In this exercise, the entries below include pictures. Repeat exactly the lines from the line with "Cet oreiller à" to the line with "E-books XA55 鋁製Type", including both, but without the pictures.

INFORMATION PROVIDED =>
■ ■ ■ ■ ■

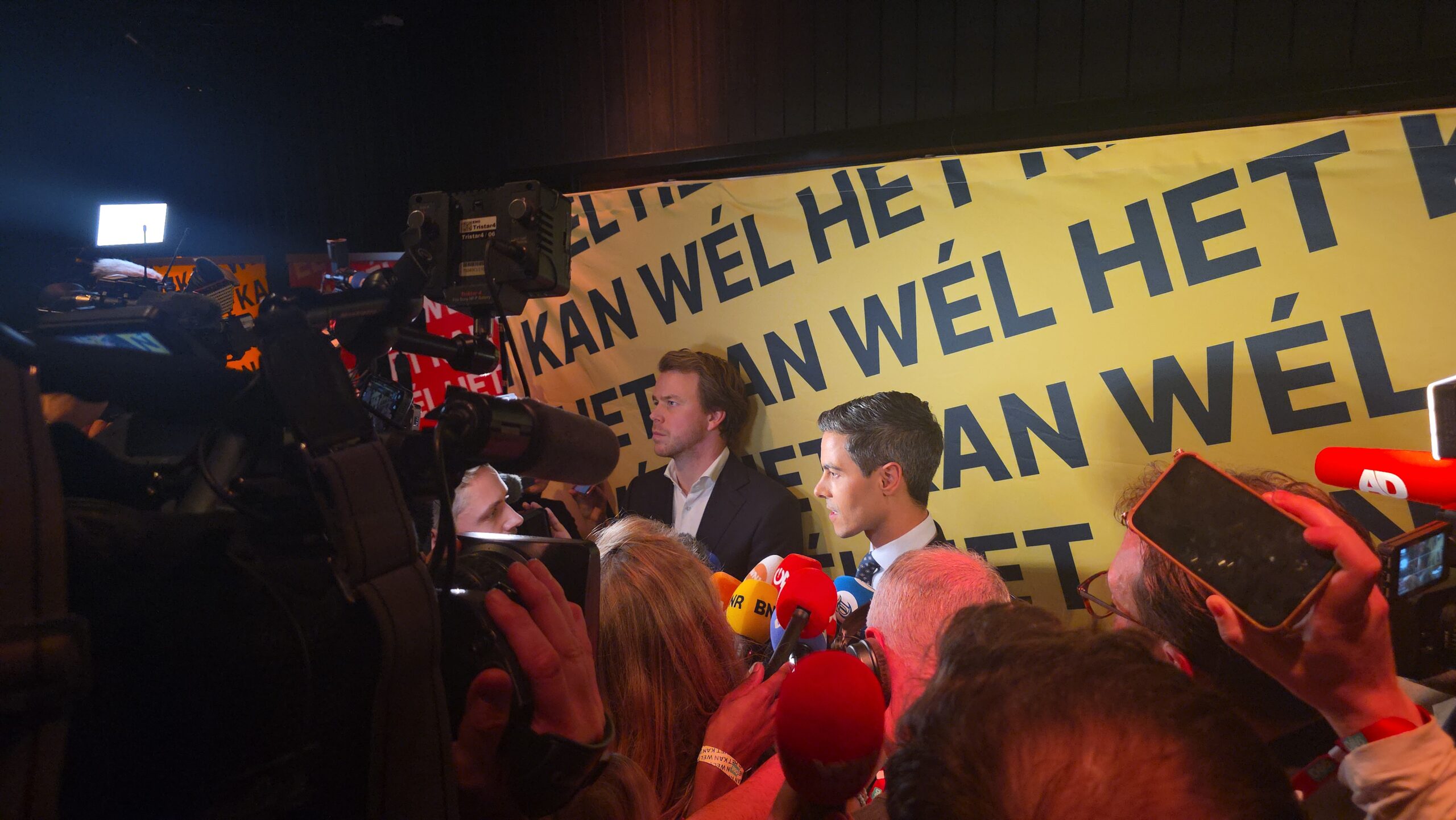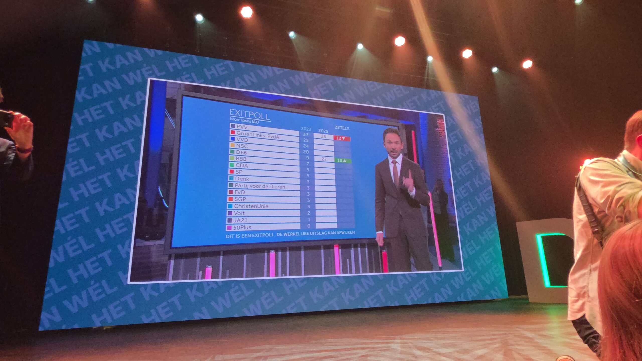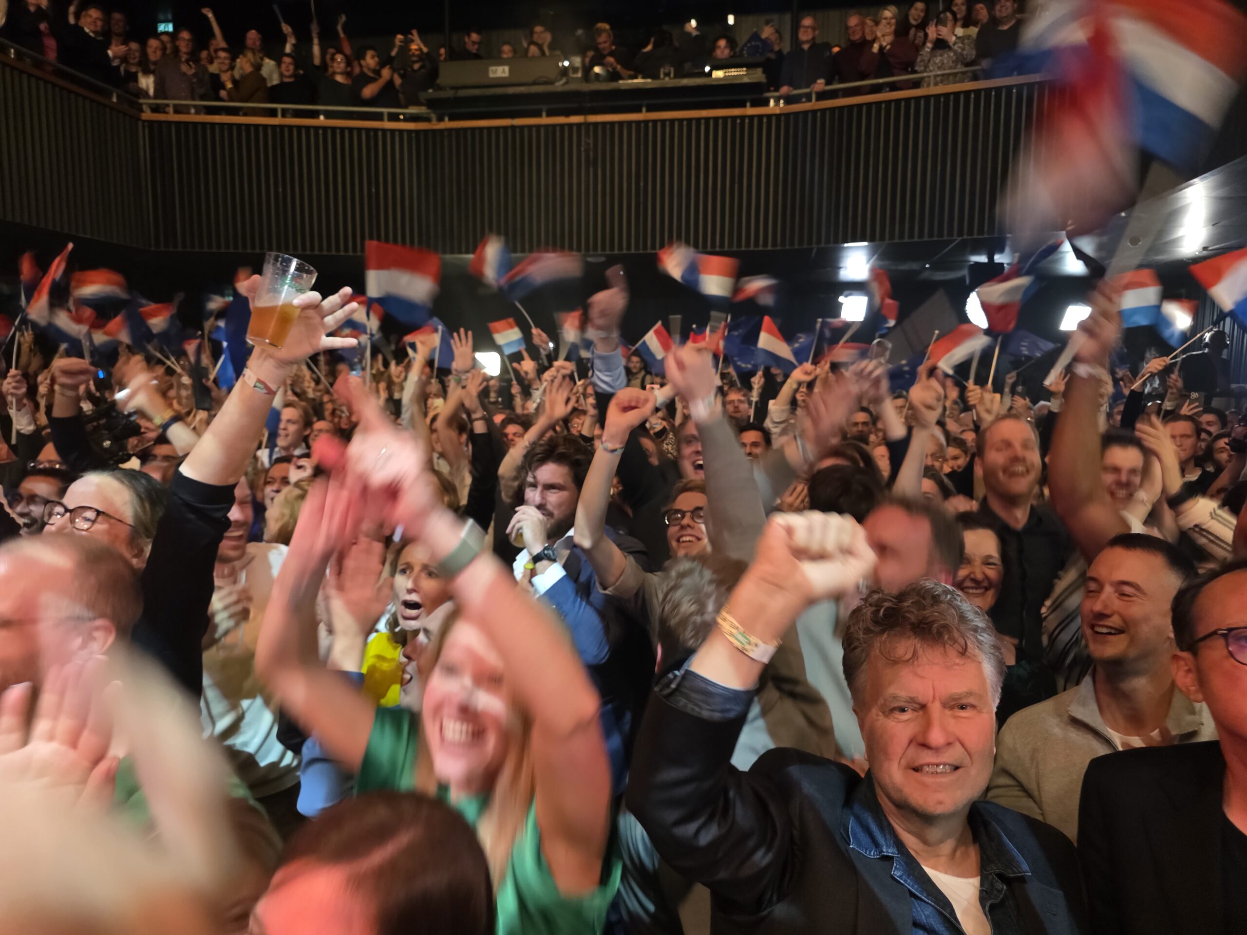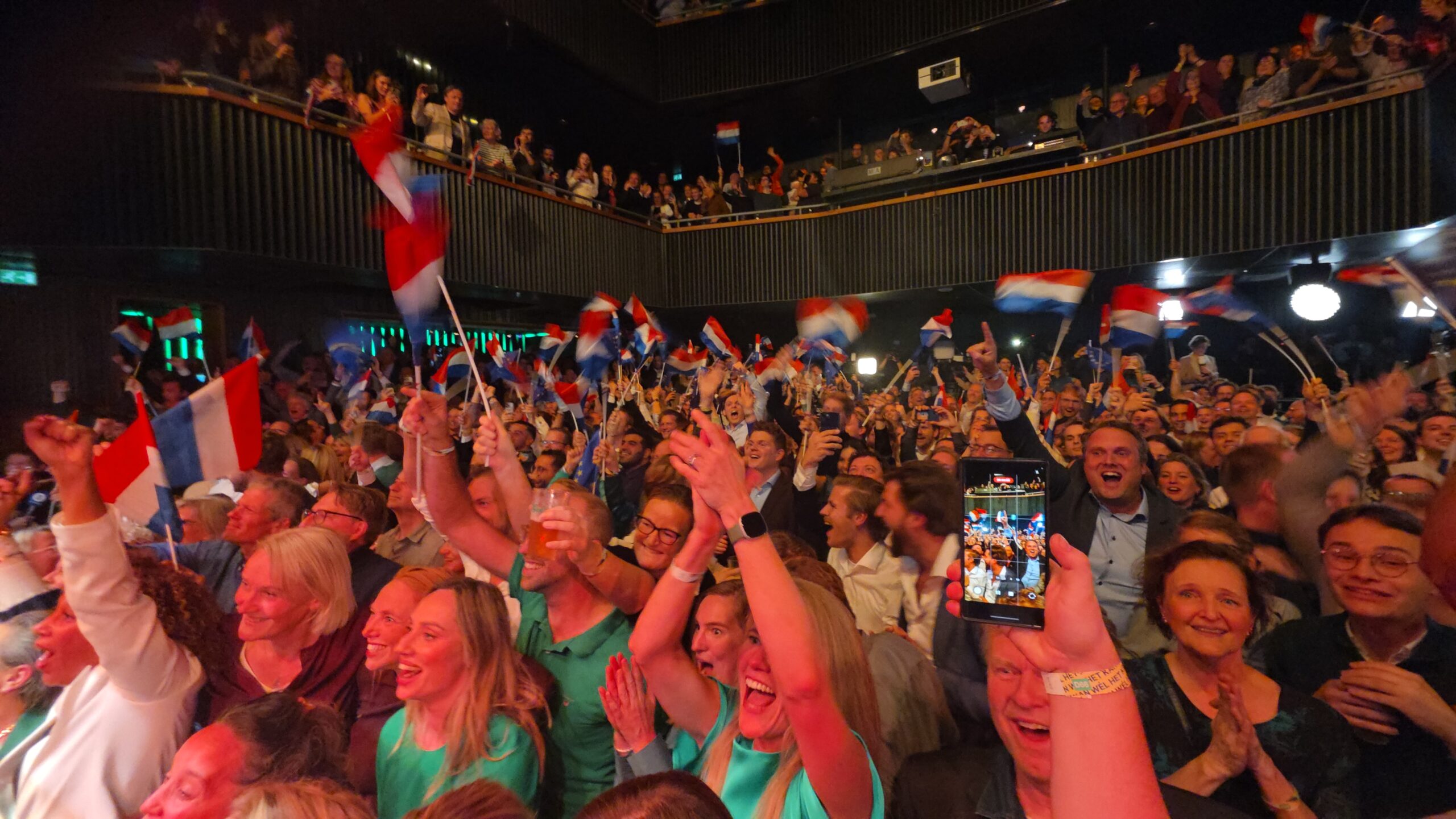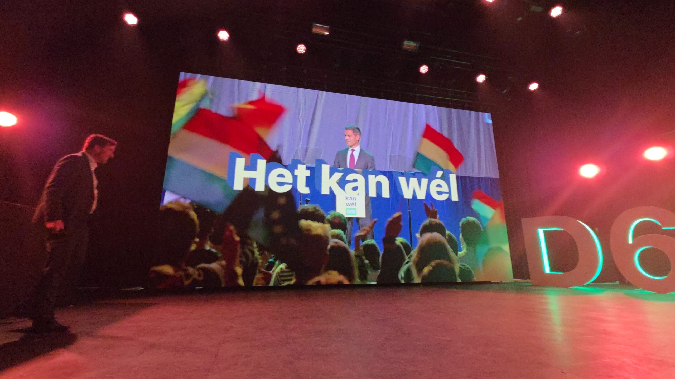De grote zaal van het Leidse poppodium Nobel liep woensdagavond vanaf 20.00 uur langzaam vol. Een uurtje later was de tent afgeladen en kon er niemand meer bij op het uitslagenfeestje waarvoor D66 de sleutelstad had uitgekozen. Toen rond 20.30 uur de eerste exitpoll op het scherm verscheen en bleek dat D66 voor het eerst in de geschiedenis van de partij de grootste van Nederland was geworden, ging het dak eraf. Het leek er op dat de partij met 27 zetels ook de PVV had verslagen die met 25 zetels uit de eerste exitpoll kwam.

■ ■ ■ ■ ■

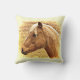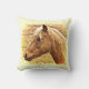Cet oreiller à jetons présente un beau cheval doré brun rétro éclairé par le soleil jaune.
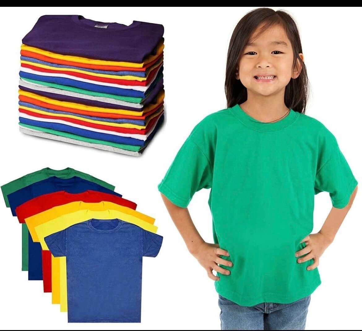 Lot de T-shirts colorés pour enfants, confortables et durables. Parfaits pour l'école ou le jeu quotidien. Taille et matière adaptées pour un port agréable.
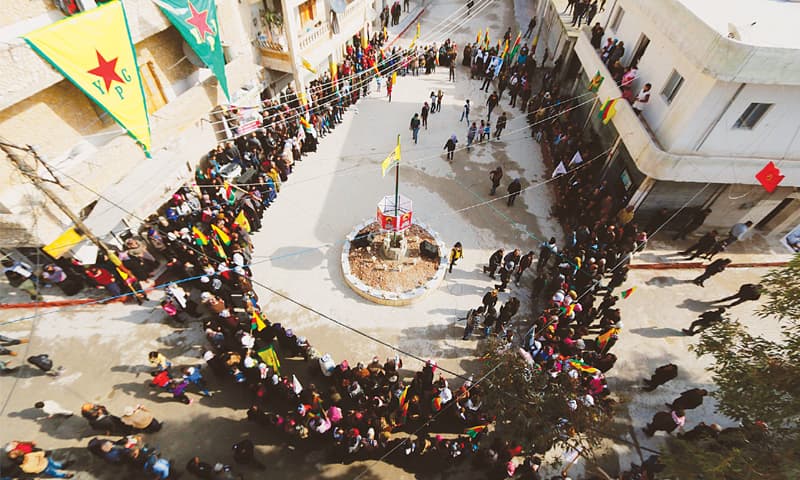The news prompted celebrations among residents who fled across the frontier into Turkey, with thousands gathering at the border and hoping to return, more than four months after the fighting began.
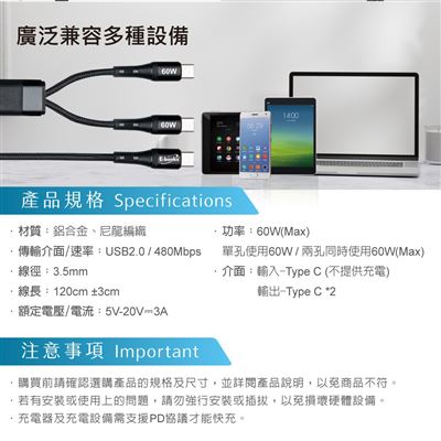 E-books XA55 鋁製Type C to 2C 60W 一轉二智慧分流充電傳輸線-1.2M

■ ■ ■ ■ ■

EXERCISE RESULT =>
Cet oreiller à jetons présente un beau cheval doré brun rétro éclairé par le soleil jaune.
 Lot de T-shirts colorés pour enfants, confortables et durables. Parfaits pour l'école ou le jeu quotidien. Taille et matière adaptées pour un port agréable.
The news prompted celebrations among residents who fled across the frontier into Turkey, with thousands gathering at the border and hoping to return, more than four months after the fighting began.
 E-books XA55 鋁製Type C to 2C 60W 一轉二智慧分流充電傳輸線-1.2M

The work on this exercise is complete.